Load-Bearing vs Additive Components

Hermes had a 25-point calibrator that contributed zero on 96.2% of signals. That single dead component made the 70-point threshold mathematically unreachable. Load-bearing vs additive decomposition is the pre-flight check every scoring system needs.

9 min read

Hermes had 340 tests passing. 95% code coverage. A runbook. A watchdog. And it had never placed a real trade for weeks.

The bug was not in any line of code. The bug was in the math of the scoring rubric.

The Anatomy of the Failure

Hermes assigns every political signal a composite score from four components:

  • Grok — narrative signal from X search (max 30)
  • Perplexity — cited research synthesis (max 30)
  • News — headline sentiment (max 15)
  • Calibrator — Metaculus/Manifold probability match (max 25)

Total possible: 100. Threshold to fire a trade: 70.

On paper, this looks fine. Even if you lost the calibrator entirely, you could still cross 70 with strong performance on the other three. The problem is that "strong performance" is relative to the distribution of real signals, not the theoretical maximum.
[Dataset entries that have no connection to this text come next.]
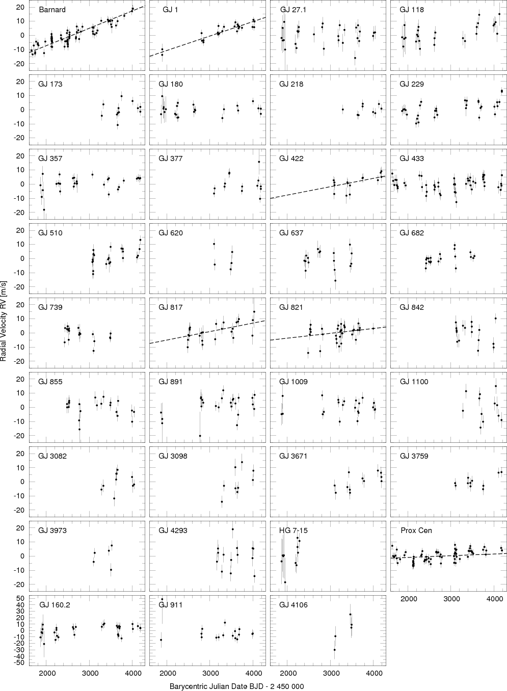 Radial velocities for 35 M dwarfs. Dashed lines represent no fit; they show the predicted secular acceleration effect caused by the proper motion (only for Proxima Cen and stars with
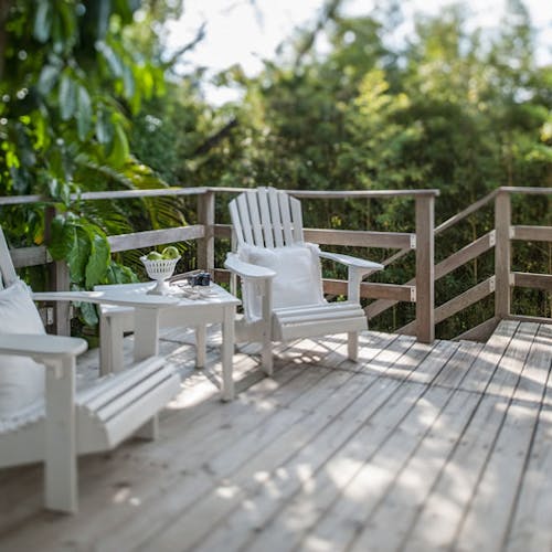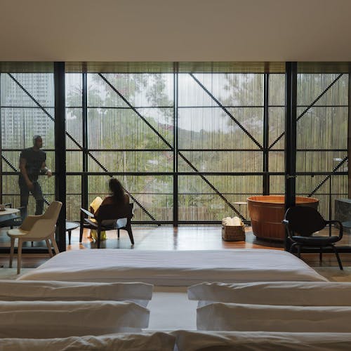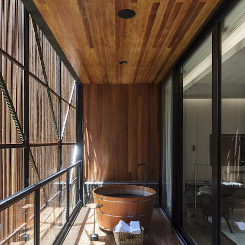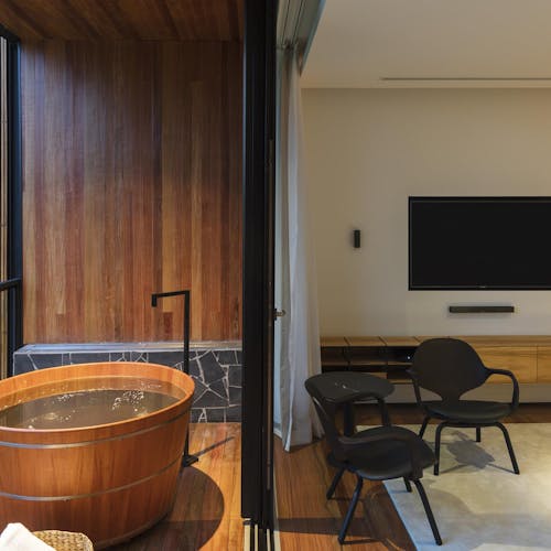Localizada no piso térreo e próxima aos jardins, a Design Suíte 2 possui 33m². O Piso aquecido e uma singular vista panorâmica são alguns diferenciais da acomodação que conta ainda com banheira, varanda deck e cadeiras.
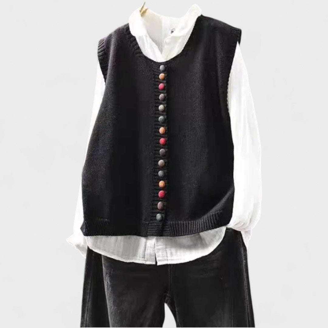 Un chaleco elegante y versátil que completa cualquier conjunto con ligereza y encanto. Perfecto para quienes valoran prendas atemporales que combinan comodidad y estilo con naturalidad.

And the calibrator wasn't just weak — it was returning exactly zero on 96.2% of signals because the semantic matcher couldn't find corresponding markets on Metaculus or Manifold for political questions.
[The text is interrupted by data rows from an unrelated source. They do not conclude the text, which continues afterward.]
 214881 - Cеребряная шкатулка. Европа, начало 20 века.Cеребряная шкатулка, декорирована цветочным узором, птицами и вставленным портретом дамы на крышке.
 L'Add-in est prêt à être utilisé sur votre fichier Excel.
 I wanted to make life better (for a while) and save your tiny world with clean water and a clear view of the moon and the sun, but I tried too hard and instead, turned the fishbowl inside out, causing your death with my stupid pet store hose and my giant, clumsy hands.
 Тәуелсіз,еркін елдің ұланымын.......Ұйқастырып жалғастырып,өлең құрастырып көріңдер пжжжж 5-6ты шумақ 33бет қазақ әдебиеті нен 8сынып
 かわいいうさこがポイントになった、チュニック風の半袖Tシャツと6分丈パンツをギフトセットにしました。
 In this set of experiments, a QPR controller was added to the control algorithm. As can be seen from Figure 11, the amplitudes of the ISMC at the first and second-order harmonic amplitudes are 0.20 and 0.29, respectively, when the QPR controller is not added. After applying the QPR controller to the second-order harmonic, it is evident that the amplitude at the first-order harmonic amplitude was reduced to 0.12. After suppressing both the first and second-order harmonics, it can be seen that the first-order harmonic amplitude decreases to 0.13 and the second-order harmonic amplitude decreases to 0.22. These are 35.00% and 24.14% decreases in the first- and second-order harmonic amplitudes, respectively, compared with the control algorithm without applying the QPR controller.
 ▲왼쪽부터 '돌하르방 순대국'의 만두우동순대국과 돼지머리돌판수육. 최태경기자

On those 96.2% of signals, the effective ceiling was 30 + 30 + 15 = 75.

The threshold was 70.

To clear the bar without the calibrator, you needed to hit 93% of the maximum on all three remaining components simultaneously. Almost no signal in the distribution did that. The bot had been mathematically locked out of trading for weeks.
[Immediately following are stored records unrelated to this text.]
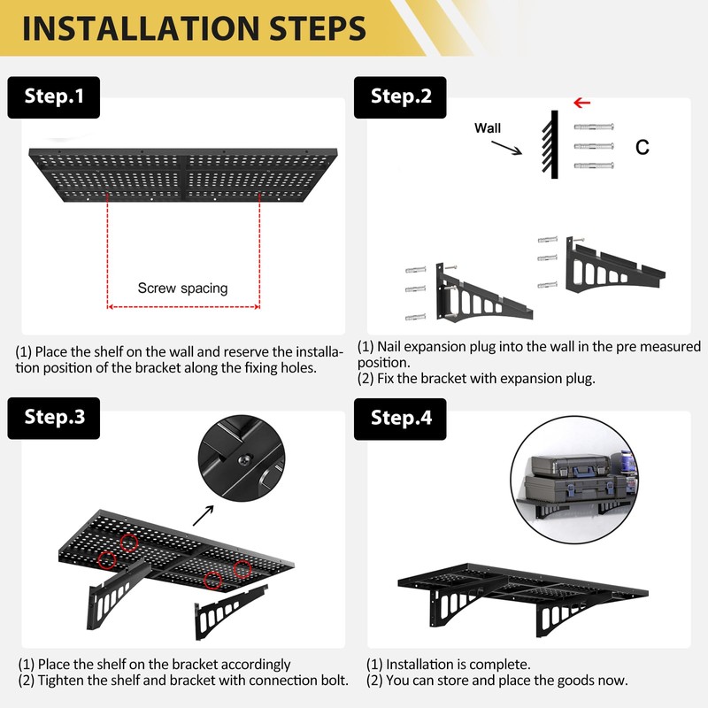 - Easy to Install: The Wall Shelf Garage Storage Rack components are independent and tightly connected, easy to disassemble and install, and can be installed in parallel or vertically according to the wall space, suitable for wooden walls and brick-concrete walls (Including all necessary hardware)
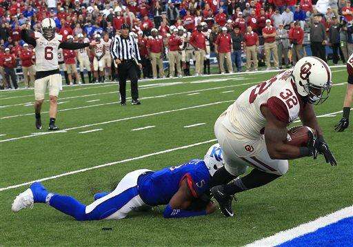 Oklahoma scored on its first drive of the second half when Sam Grant snagged a 1-yard touchdown pass from Mayfield. Kansas fumbled on the first play of the next drive, and Oklahoma quickly took a 52-7 lead after backup quarterback Trevor Knight finished a short drive with a 1-yard touchdown run.
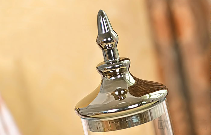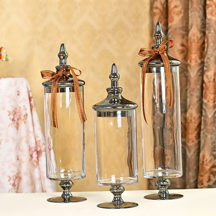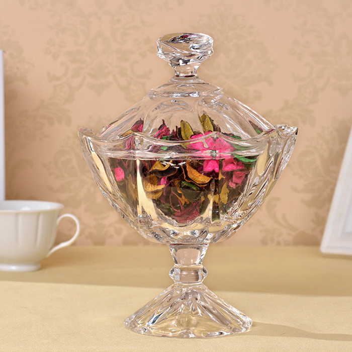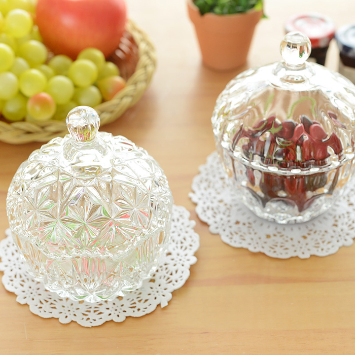 Chai lọ thủy tinh thấp có nắp đậy như chiếc vương miện sang trọng, sắc sảo, kích thước 6.5 x 12.5 cm, đường kính miệng thố 10.5 cm, giá thành khoảng 60.000 đồng/ chiếc.
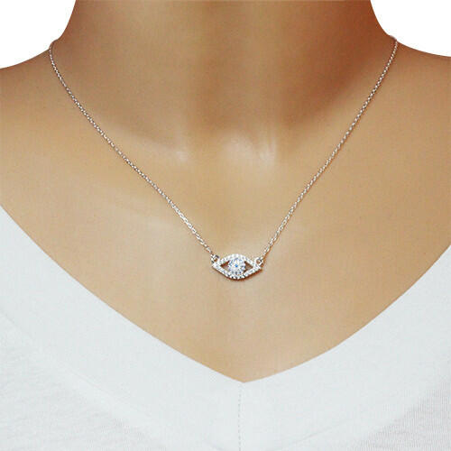 A medál mérete: 18 x 9 mmA lánc szélessége: 1,3 mmA nyaklánc hossza: 400 mm (+/- 5 %)A nyaklánc súlya: 2,8 gFémjel - Van. 925 ezüst nyaklánc szem alakú medállal díszített, melybe átlátszó cirkóniák vannak beágyazva. A szem közepén, az íriszben sötétkék szintetikus topáz van berakva. A medál az első elem, amely megragadja a tekintetet. Egyedi és fényűző darab, amel

The Decomposition Exercise

Before shipping any scoring system, decompose every component into load-bearing or additive:

  1. List every component with its maximum value.
  2. For each component C: compute sum_of_maxes - C.max.
  3. Compare the result to your threshold.
  4. If (sum_of_maxes - C.max) < threshold: component C is load-bearing.

For Hermes before PR #28:

ComponentMaxSum without itBelow threshold 70?
Grok3070No (equal)
Perplexity3070No (equal)
News1585No
Calibrator2575No — but barely

The table looks safe. But ceiling analysis with real fire rates tells a different story. If the calibrator only fires on 3.8% of signals, the effective ceiling for 96.2% of inputs is 75. The difference between 75 and 70 is 5 points — which sounds like a buffer, until you realize that clearing it requires near-perfect scores on everything else. Real-world distributions never cooperate.

The Fix: Rebalance, Don't Move the Threshold

The instinct when signals are not clearing is to lower the threshold. That instinct is wrong. A lowered threshold loses its meaning as a quality gate and opens the door to bad signals. The correct fix is to restructure the component weights so the effective ceiling lives comfortably above the threshold — even when the weakest component is silent.

PR #28 did exactly that. Grok went 30 → 35. Perplexity went 30 → 50. Calibrator went 25 → 20. News stayed at 15.

The threshold remained 70. The effective ceiling on the 96.2% of signals without calibrator data rose from 75 to 100. Eight signals cleared the bar in the next 24 hours.

The Rule

Every scoring system gets a load-bearing analysis before it ships. Every component gets a column in the decomposition table. Every row gets checked against the threshold. The question is not "does this component contribute?" The question is: does the system still clear the bar without this component?

If the answer is no, the component is load-bearing, and you now need to monitor its fire rate as a first-class metric. Silence from a load-bearing component is the scoring-system equivalent of a plane losing an engine. It is not a degradation — it is a failure mode.

The Hermes calibrator was load-bearing by accident. It was additive by design. The gap between the two is where dead components hide.